China’s Coal Consumption and Production

While China’s gross domestic product has been growing at about 10 percent during the past five years, its consumption of coal has been increasing at a faster rate–about 17 percent each year– and its coal production has been increasing by more than 20 percent. Over the past three years, investment in the Chinese coal industry has been increasing between 30 percent and 50 percent a year.[xi] With those coal statistics it is no wonder that China is the largest emitter of carbon dioxide in the world.

China’s coal consumption is not just in the electricity generation sector. Over 50 percent of China’s coal consumption in 2008 was in the end-use sectors, primarily the industrial sector. Within that sector, the largest use of coal is for coke production which is used to make pig iron. China was the world’s largest producer of both steel and pig iron in 2008 supplying 50 percent of the world’s pig iron production and 38 percent of the world’s raw steel output.[xii]

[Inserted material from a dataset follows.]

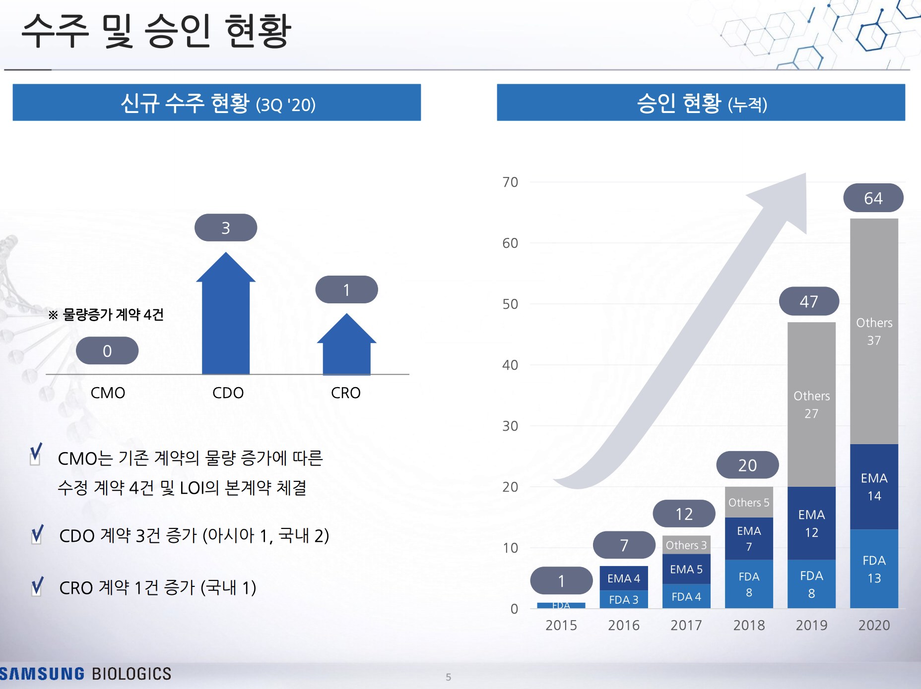 3분기 신규 수주의 경우 CDO(위탁연구개발) 3건, CRO(임상시험수탁) 1건이 있었으며 CMO(위탁생산)의 경우 기존 계약 4건의 물량 증가가 있었습니다.

Not only is China the world’s largest producer of steel and pig iron, but it is also the world’s largest producer of cement. It produced 55 percent of the world’s cement supply in 2010, increasing its production by 10 percent over 2009 levels. India ranks second in cement production at 7 percent and the United States ranks third with 2 percent of the world’s production.[xiii]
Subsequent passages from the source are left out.